Relaxing is all the easier when you've got a Ewan. Ewans are great. They save up your talent and drip feed it back, letting you concentrate on the important things in interlanetary invasions, like sleep and pizza and apologising to girlfriends for being "a bit odd".
This is our Ewan:
[ image disabled ]
He's very good, really. He's the guy who does the Fringe Podcast and old mate of Martians, mainly because of his TPN Rock show.
Recently he's featured your Glorious Masters (us) a couple of times - all the shows are free mp3 downloads:
Following hot on the heels of many lovely reviews (including a four-star from the Herald for an improvised show we had to do when Houston was unavailable), your Overlords and future rulers of this damp rock are proud...nay, chuffed....to announce that the winners of the 2008 "Spirit Of The Fringe" award are....
Stop crying at the back, it didn't work for Paltrow and it won't work for you. In keeping with tradition however, and to emphasise something that was ommitted by the press reports, we would like to thank the following, who also won it. Seriously.
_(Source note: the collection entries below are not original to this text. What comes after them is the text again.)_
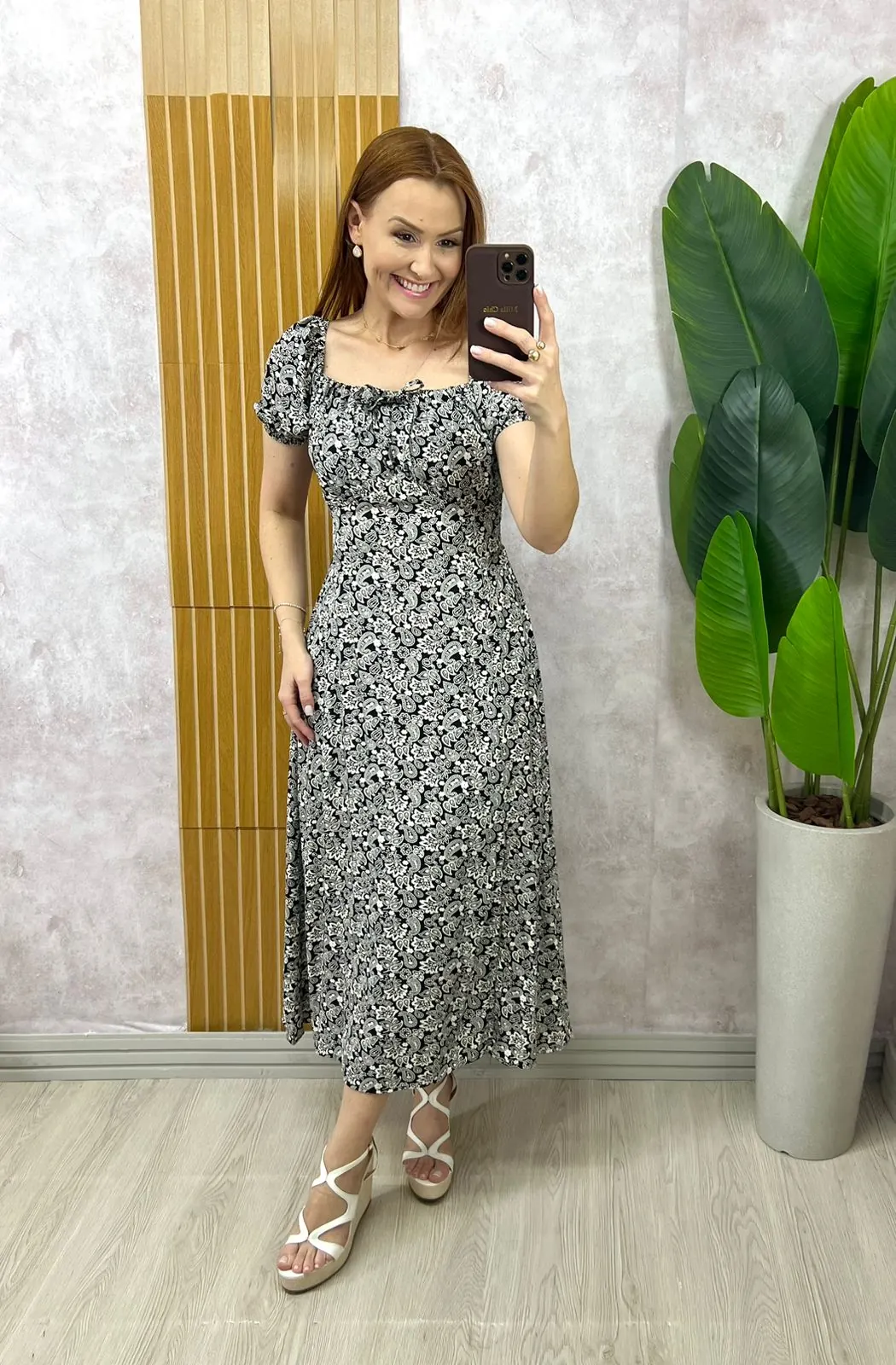 Vestido Luiza Em Viscolinho – Preto Estampa Paisley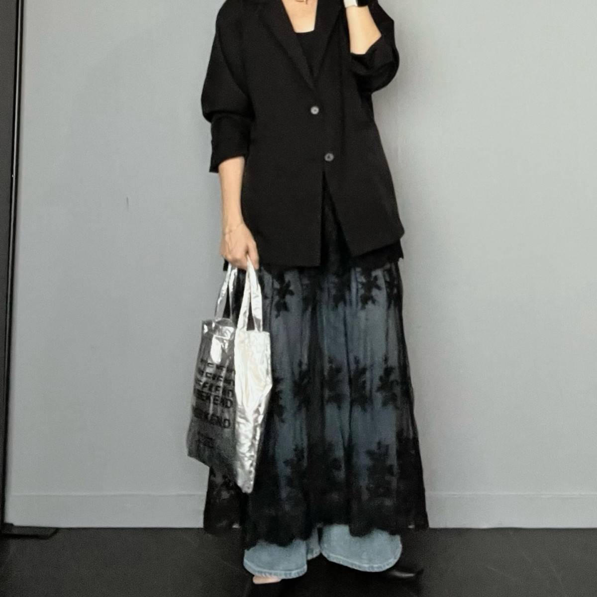 春らしさを感じるレース素材の黒スカートは透け感を生かして、ボトムスの重ね着にチャレンジしてみて!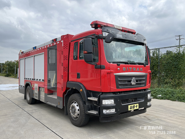 CSC5180GXFSG60/S6型水罐消防車又叫重汽汕德卡6噸水罐消防車,該車采用ZZ5206N501GF1底盤改裝而成,原裝單排駕駛室,配備獨(dú)立乘員室,乘員可達(dá) 2+6 人。水罐容積:6.300立方米,水罐尺寸:2920×1500×1500mm。裝配CB10/60消防泵,PSKD8/50W消防炮 ,流量50L/s,對應(yīng)壓力 0.8MPa,最大承壓 1.3MPa,水射程≥60m,可 360°旋轉(zhuǎn)。該車適用于山地崎嶇、林區(qū)坡陡、雨雪泥濘路況、城市、油田、油庫、機(jī)場、碼頭等場所,此類車型可充分滿足越野、四驅(qū)、穩(wěn)定、罐體儲(chǔ)水量大的用車要求,車身更高、發(fā)動(dòng)機(jī)動(dòng)力強(qiáng)勁,此車視野開闊,越野性能好,是一款越野消防車,具體詳情請咨詢:158 7125 2888(微信同號)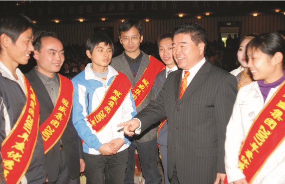 然后2008年也是同样的员工大会,我就讲到:“明年我们每年要提升员工的物质生活、精神生活,把物质生活和精神生活作为我们公司的一个核心的价值观来做。”(记者:这个已经关系到民生问题了)立刻获得大家全体鼓掌。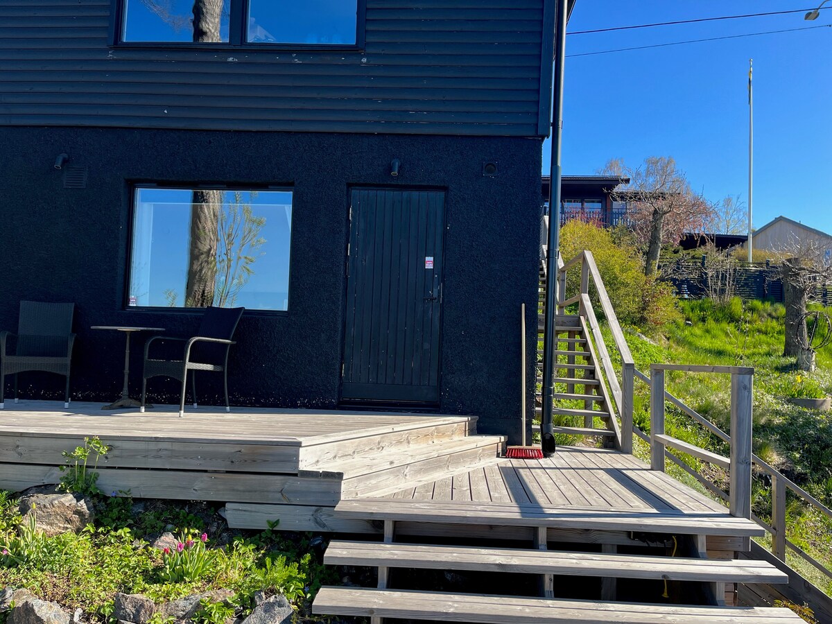 Dobro došli u našu seosku kuću za goste od 27 m2 sa kilometrima pogleda na Bråviken. 5 km do zoološkog vrta Kolmården, pješačka udaljenost do plivanja i restorana, kao i do lijepih pješačkih staza 1. bračni krevet 160 1. krevet za goste 80 Ako želite i dete između vas u krevetu, nema problema za nas Privatna terasa na jugu sa stolićem u kafiću. ICA, Coop, Apotek, Pizza 2,5 km Železnička stanica 2,5 km Šatl autobus 300m Norrköping 25 km Posteljina, peškiri i čišćenje nijesu uključeni. Možete da rezervišete uz dodatnu naknadu. Sjöbod je rezervisan za dodatni smještaj na licu mjesta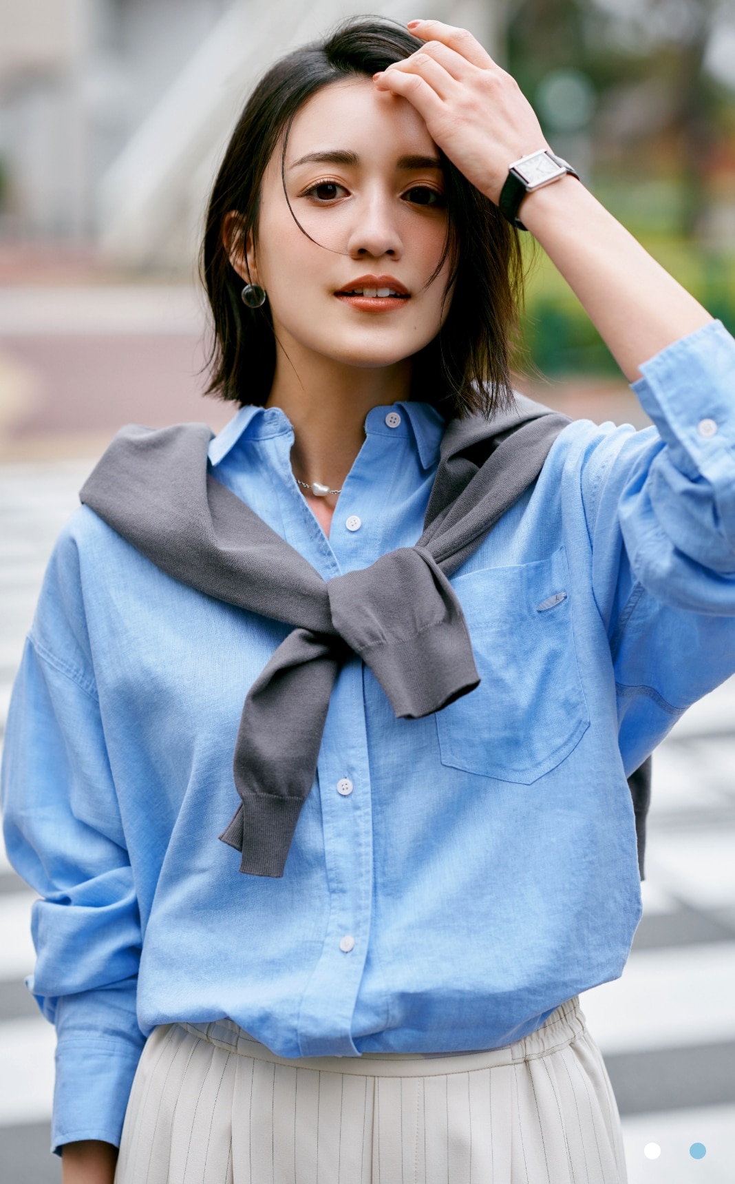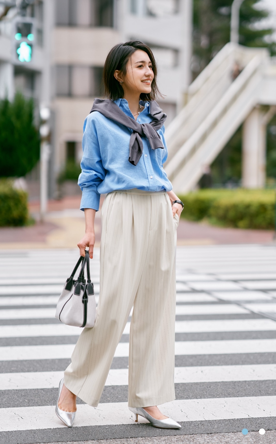 オンにもオフにも、ブルーのシャツは一枚持っておきたい存在です。色が薄すぎると顔がくすんで見えてしまうので、これくらいの色味が大人にぴったり。白のパンツとコントラストをつけてきりっと仕上げました。

If it wasn't for them the entire show would be two brothers tearing each other's skin off on stage.
Houston, also a Martian but not a Kielty.
Marianne Sellar andDerek Elsby, our plants, performers, horse, wench and general script tinkerers.
Carol Metcalfe and The Bridewell Theatre Company for general organisation, editing, production and funding.
Jan Andrew Henderson and City of the Dead Walking Tours for funding, publicity and giving us the time off to do something completely different about the kirkyard.
Chris Grady and the rest at Musical Theatre @ George Square for setting up a brand new and highly successful venue within table-carrying distance of MarsHQ.
Ewan Spence of TPN Rock and the TPN Fringe Show for picking up on Martian Genius so early....several years ago in fact. (See below)
And last, but by no means least, all of the people who came to see an hour of our brains spilling out onto the floor of a small portakabin...thank you all.
Oh...and our landlord, who came to see the show and got told off for putting his feet on a table he owns. Sorry. We'll fix it.
Evening News report here Original press release here
Mars HQ. Sunday. 4pm. As John prepares to leave the flat to appease his Invisible Sky God for another week, Houston interviews the surprise guest star of our show - our living room table.
"It's weird, you know..." it says, in its pallid, wooden tone; "I don't remember ever being outside before. As long as I can remember I've been in the living room being eaten and smoked on... and then, only a few weeks ago, people began standing and singing on me."
"And how did that feel?"
"I'm not sure... I was surprised.. I felt edgy, you know? I mean, lots of things were going through my wood... I was worried for a start, that I might break under the weight of John who has returned from the USA rather fat and pasty. I resent being put on peoples back and carried to the venue, but I must say I enjoy the rush of the performance. It's new, you know? It's a real thrill."
"And what do you do in the show?"
"Well, lots of things really... I'm a table, obviously... a few different tables actually... I worry a little about type casting, but I do more than that. At one stage I'm a coffin... and then I'm the slab of Dr Knox the famous anatomist. They move me around quite alot, and sometimes I'm off stage catching my breath. It's fun."
"And what are you up to next?"
"Well, I think its back to the flat for me. Where else will they eat their food and put their ashtrays. I just hope that they fix my frayed end soon."